Leader of the Alberta New Democratic Party
- In office January 27, 1963 – November 10, 1968
- Preceded by: Floyd Albin Johnson (CCF)
- Succeeded by: Grant Notley

Personal details
- Born: July 3, 1921 Saskatchewan
- Died: March 29, 2011 (aged 89) Edmonton, Alberta
- Party: Alberta New Democratic Party
- Other political affiliations: New Democratic Party
- Children: Janice Rhea Reimer
- Profession: union organizer

= Neil Reimer =

Canadian politician (1921–2011)

Neil Reimer (July 3, 1921 – March 29, 2011) was an activist, trade unionist and politician in Canada.

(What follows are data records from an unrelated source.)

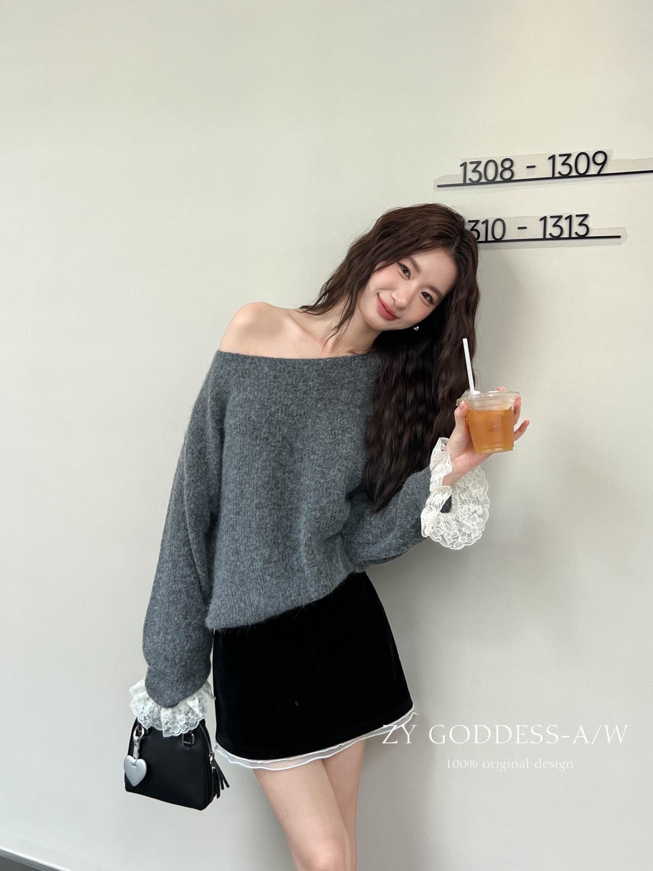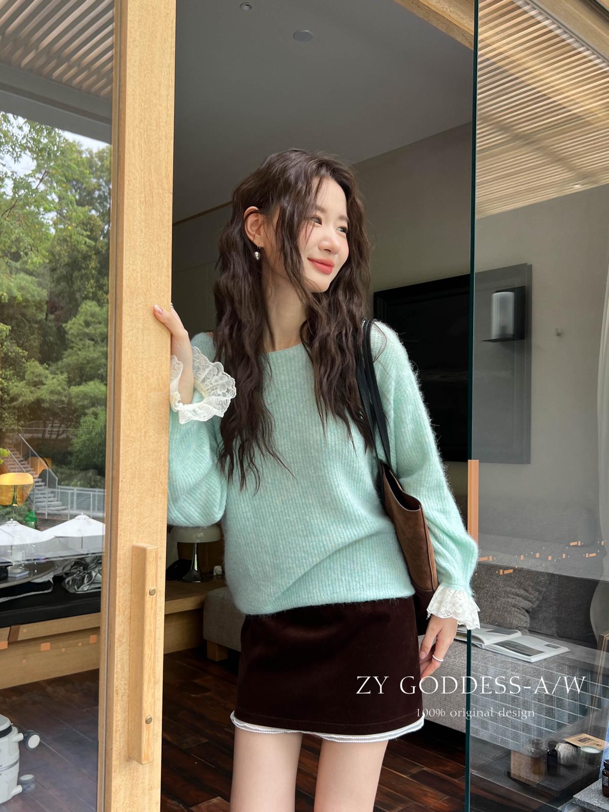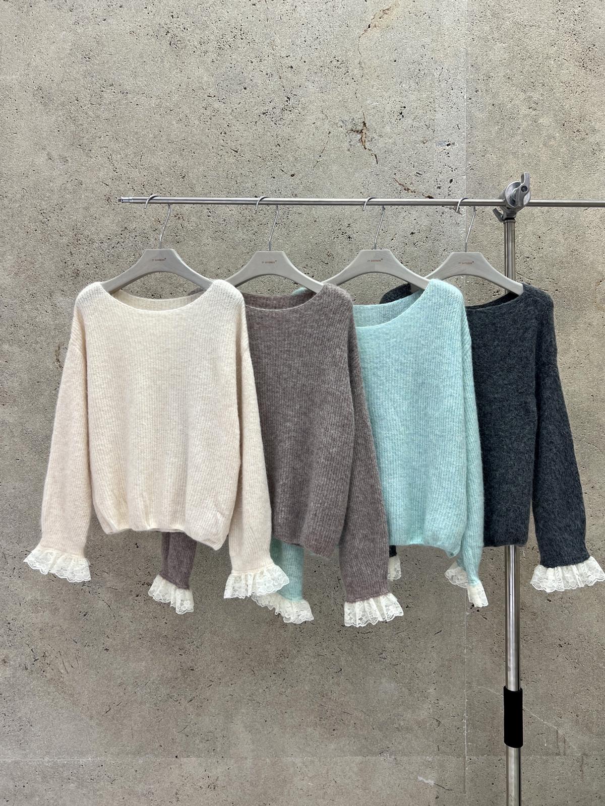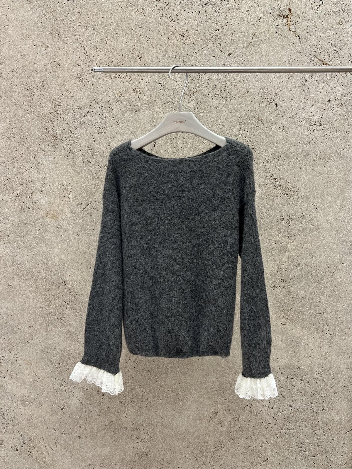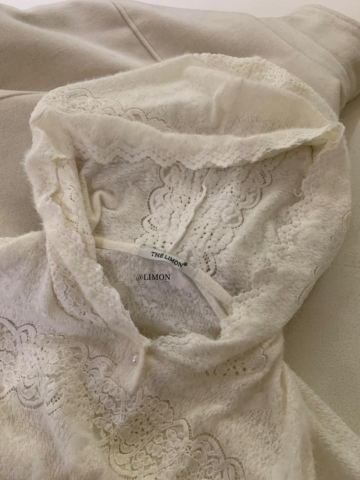 【C7916】軟糯仙系 · 羊毛兔毛甜美減齡min系拼接蕾絲袖口氛圍感保暖毛衣(含19%羊毛)(16%兔毛)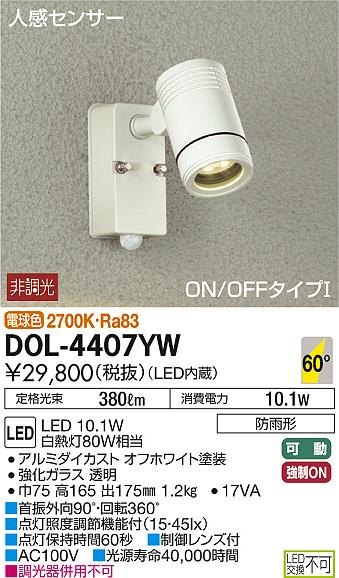 ページ内のPC版表示をクリックしてご確認ください 【カラーバリエーションはこちらをクリック】 ●スポットライト センサー無し特集●スポットライト 人感センサー特集●スポットライト スパイクタイプ特集 ●スポットライト 看板照明特集●スポットライト 防犯灯特集●DAIKO照明TOPへ移動 ●関連商品 スポットライト DOL-4592YS 白熱灯80w相当 センサーあり ウォームシルバー 18,937円 スポットライト DOL-4407YS 白熱灯80w相当 センサーあり シルバー 18,937円 スポットライト DOL-4407YB 白熱灯80w相当 センサーあり 黒色 18,937円 スポットライト DOL-4407YW 白熱灯80w相当 センサーあり オフホワイト 18,937円 スポットライト DOL-4591YS 白熱灯80w相当 ウォームシルバー 12,581円 スポットライト DOL-4406YS 白熱灯80w相当 シルバー 12,581円 スポットライト DOL-4406YB 白熱灯80w相当 黒色 12,581円 スポットライト DOL-4406YW 白熱灯80w相当 オフホワイト 12,581円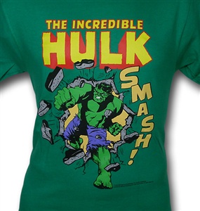 Made from 100% Cotton, we have a kelly green t-shirt featuring an image of the Hulk beating the hell out of an innocent wall! Damn it, Hulk, you've caused the Wall family enough trauma over your comic book career. Just give them some time to...rebuild, for pity's sake! Anyway, here's an image of Hulk having it out with another wall. Well, the wall did look at him oddly. Hulk's punch was righteous! This green t-shirt is for you, fan of the Hulk, but not for you, wall sympathizer!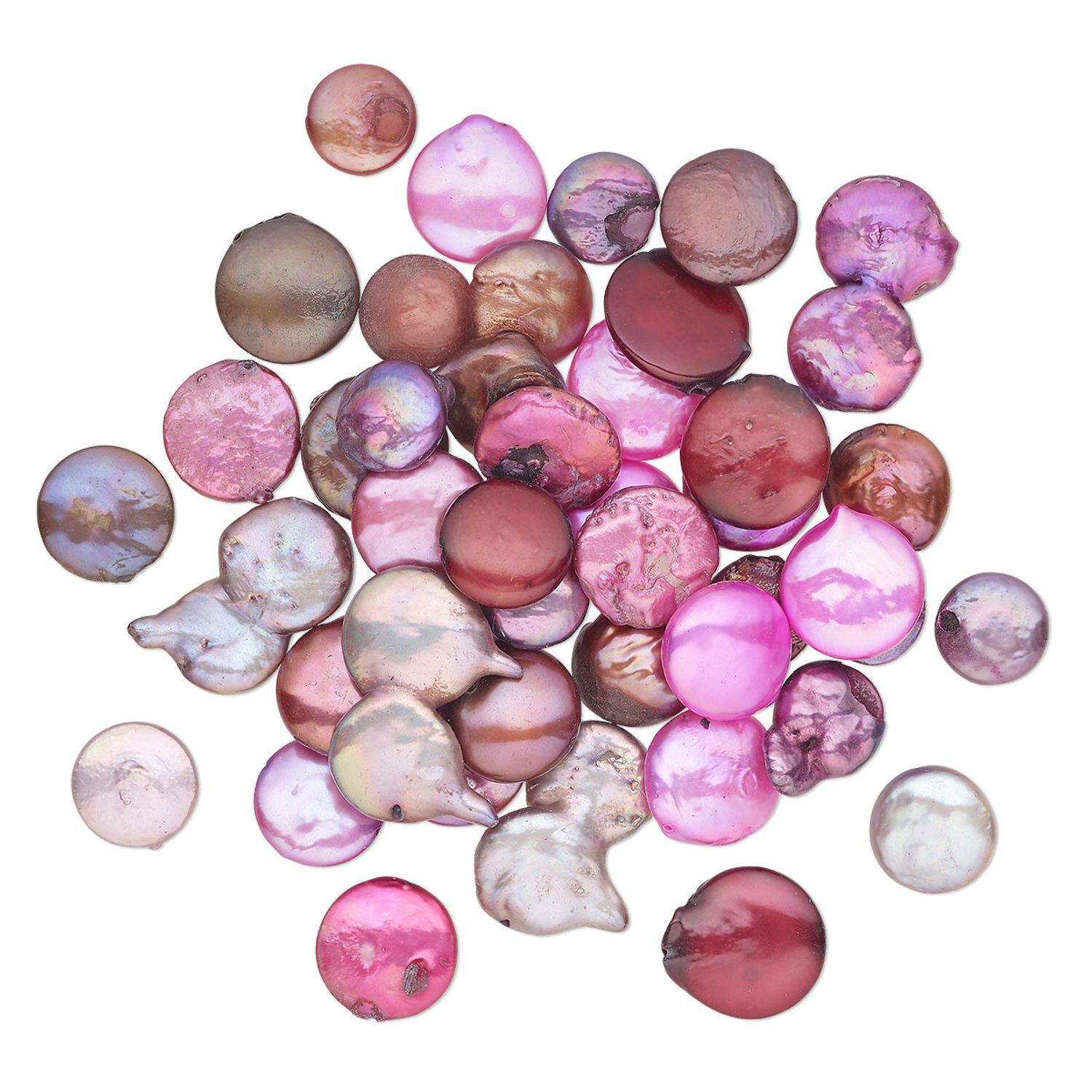 Pearl, cultured freshwater pearl (dyed), mixed colors, 11-16mm flat round, Mohs hardness 2-1/2 to 4. Sold per 2-ounce pkg, approximately 42 beads.

Reimer attended the University of Saskatchewan, but left in 1942 at the age of 19 to work at the Consumers Co-operative Refinery in Regina, Saskatchewan. There he joined a Congress of Industrial Organizations union organizing drive. In 1950, he became an organizer for the CIO's Oil Workers International Union (OWIU) and was sent to Alberta to organize workers in that province's booming petrochemical industry.

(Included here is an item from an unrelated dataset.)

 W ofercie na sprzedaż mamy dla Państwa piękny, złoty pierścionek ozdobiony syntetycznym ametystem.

In 1951, Reimer became the Canadian director of the OWIU (which subsequently became the Oil, Chemical & Atomic Workers Union) and served as the national director of the union and its successors until he retired in 1982. Under his stewardship, the union grew from fewer than 1,000 members to more than 20,000 by 1961. In 1981 the union gained independence from its American parent to become the Energy and Chemical Workers Union and, in 1992, merged with two other unions to become the Communications, Energy and Paperworkers Union of Canada.

Reimer was elected as a vice-president of the Canadian Congress of Labour in the 1950s and remained on the executive of it and its successor, the Canadian Labour Congress, until 1974.

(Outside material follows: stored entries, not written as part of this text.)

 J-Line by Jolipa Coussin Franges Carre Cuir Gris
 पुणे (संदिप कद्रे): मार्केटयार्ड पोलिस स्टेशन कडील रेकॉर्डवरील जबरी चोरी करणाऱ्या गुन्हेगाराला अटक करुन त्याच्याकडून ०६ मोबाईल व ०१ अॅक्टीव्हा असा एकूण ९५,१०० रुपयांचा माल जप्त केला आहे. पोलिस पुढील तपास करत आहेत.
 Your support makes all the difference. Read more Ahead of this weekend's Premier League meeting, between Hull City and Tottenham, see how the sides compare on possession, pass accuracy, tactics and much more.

At the 1962 founding convention of the Alberta New Democratic Party, Reimer was named party president. The following January, he was elected the first leader of the Alberta NDP. The NDP's predecessor, the Alberta CCF, had lost its remaining two seats in the 1959 provincial election and received only 4% of the vote. Under Reimer's leadership, the NDP's share of the popular vote rose to 9% in the 1963 election and to nearly 16% in the 1967 election, but did not win any seats. Reimer resigned as NDP leader in 1968.

Reimer remained Canadian director of the OCAW throughout the 1960s and 1970s and became national director of the Energy and Chemical Workers Union when it was formed from the OCAW in 1981. He retired from the union's leadership in 1984. He then served as the president and later as secretary treasurer of the Alberta Council on Aging.

His daughter, Janice Rhea Reimer, served as mayor of Edmonton from 1989 to 1995.